1. How large a value of n is needed?
2. Give a general formula for n in terms of the desired margin of error m and the critical value z*.
8.73 A corporate liability trial. A major court case on the health effects of drinking contaminated water took place in the town of Woburn, Massachusetts. A town well in Woburn was contaminated by industrial chemicals. During the period that residents drank water from this well, there were 16 birth defects among 414 births. In years when the contaminated well was shut off and water was supplied from other wells, there were 3 birth defects among 228 births. The plaintiffs suing the firm responsible for the contamination claimed that these data show that the rate of birth defects was higher when the contaminated well was in use.³² How statistically significant is the evidence? What assumptions does your analysis require? Do these assumptions seem reasonable in this case?
8.74 Statistics and the law. Castaneda v. Partida is an important court case in which statistical methods were used as part of a legal argument.³³ When reviewing this case, the Supreme Court used the phrase “two or three standard deviations” as a criterion for statistical significance. This Supreme Court review has served as the basis for many subsequent applications of statistical methods in legal settings. (The 2 or 3 standard deviations referred to by the Court are values of the z statistic and correspond to P-values of approximately 0.05 and 0.0026.) In Castaneda, the plaintiffs alleged that the method for selecting juries in a county in Texas was biased against Mexican Americans.

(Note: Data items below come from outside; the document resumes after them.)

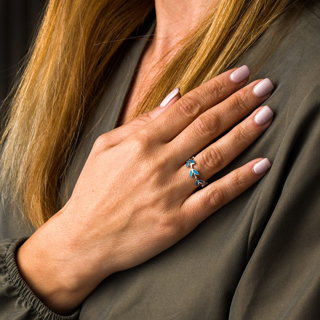 Opal Wreath Leaf Ring- 925 Sterling Silver
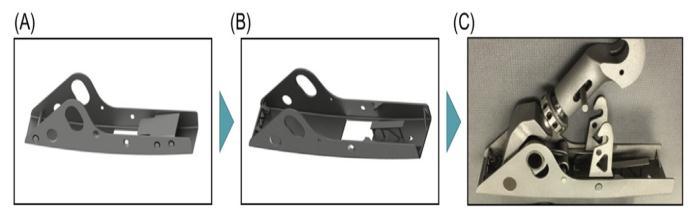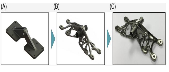 Inthisresearchpaper,wepresentanexampleoftopology optimization applied to an aircraft hinge product. The hinge's topology was altered to align with the current structural performance standards and optimised to minimiseitsoverallweight.Theresultingdesignwasthen manufacturedusinganAMlaserpowderbedtechnique,as illustrated in the accompanying photos. By changing the part's topology, the hinge's weight was significantly reduced, while ensuring it met the specified operational constraints.
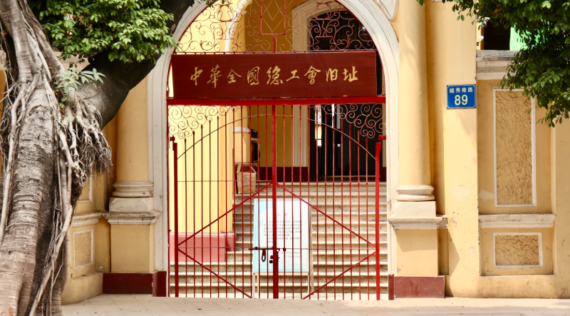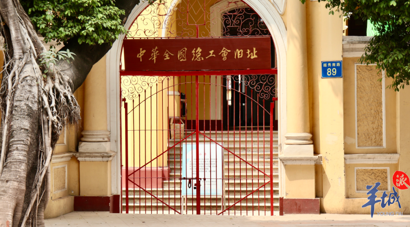 走在越秀南路上,闹市之中的一栋黄色的小楼格外引人注目——门口牌匾写着:“中华全国总工会旧址”,此为曾在1925年5月担任中华全国总工会执行委员会副委员长的刘少奇所题写。

For the period of time at issue, there were 181,535 persons eligible for jury duty, of whom 143,611 were Mexican Americans. Of the 870 people selected for jury duty, 339 were Mexican Americans.

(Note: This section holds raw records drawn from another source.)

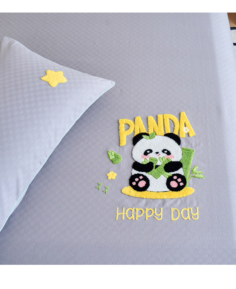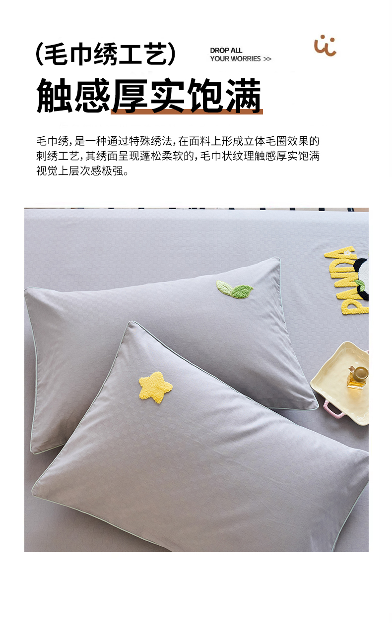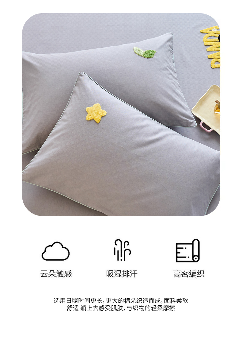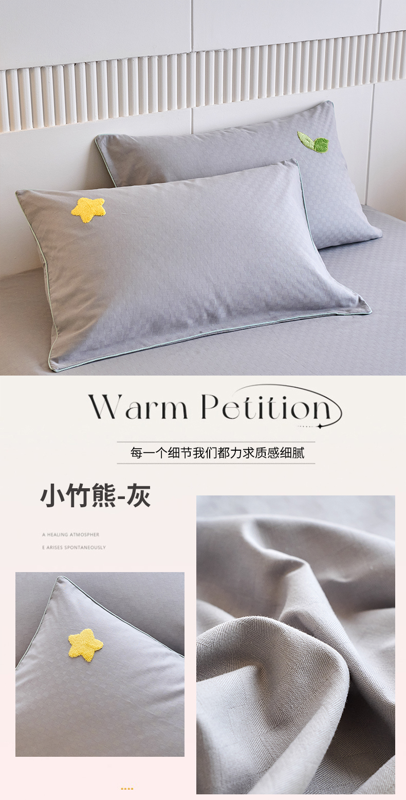 商品名称:春皖家纺 2025新款全棉纯棉提花粗布毛巾绣单枕套 枕套单件-风格二 小竹熊-灰
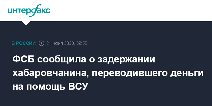 Москва. 21 июня. INTERFAX.RU - Житель Хабаровского края задержан за перевод денег на поддержку украинской армии, возбуждено дело о госизмене, сообщает в среду Центр общественных связей (ЦОС) ФСБ.
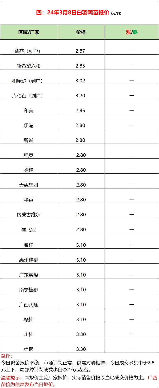 各联盟企业大家好,2024年1、2月份我们行业迎来了一个难得的小阳春,暂时给了我们一个喘息的机会;但是受制于极度低迷的消费形势的影响,2月下旬开始,行情急转直下,鸭苗价格从5.2元的高点,迅速回落至3元以内保本线附近。

1. What proportion of eligible jurors were Mexican Americans? Let this value be p0.
2. Let p be the probability that a randomly selected juror is a Mexican American. The null hypothesis to be tested is H0: p=p0. Find the value of p^ for this problem, compute the z statistic, and find the P-value. What do you conclude? (A finding of statistical significance in this circumstance does not constitute proof of discrimination. It can be used, however, to establish a prima facie case. The burden of proof then shifts to the defense.)
3. We can reformulate this exercise as a two-sample problem. Here we wish to compare the proportion of Mexican Americans among those selected as jurors with the proportion of Mexican Americans among those not selected as jurors. Let p1 be the probability that a randomly selected juror is a Mexican American and let p2 be the probability that a randomly selected nonjuror is a Mexican American. Find the z statistic and its P-value. How do your answers compare with your results in part (b)?

PUTTING IT ALL TOGETHER

8.75 Wallets with money in Canada. Refer to Example 8.11, where we examined U.S. data for a study of returns of lost wallets with no money and with money. Data were also collected for people in other countries. For Canada, 200 wallets were used for each condition. The wallets with money contained 16.50 Canadian dollars. Of the 200 lost wallets with money, 126 were returned. Of the 200 lost wallets without money, 92 were returned. Analyze the Canadian data for wallets with money using the methods you learned in this chapter. Summarize your work in a short report.
8.76 Wallets in Poland. The wallet study also collected data in Poland, with 200 wallets in each of the two conditions. For the wallets with no money, 130 were returned; for wallets with money, 138 were returned. For this study, the wallets with money contained 25 Polish Zloty. Summarize your work in a short report.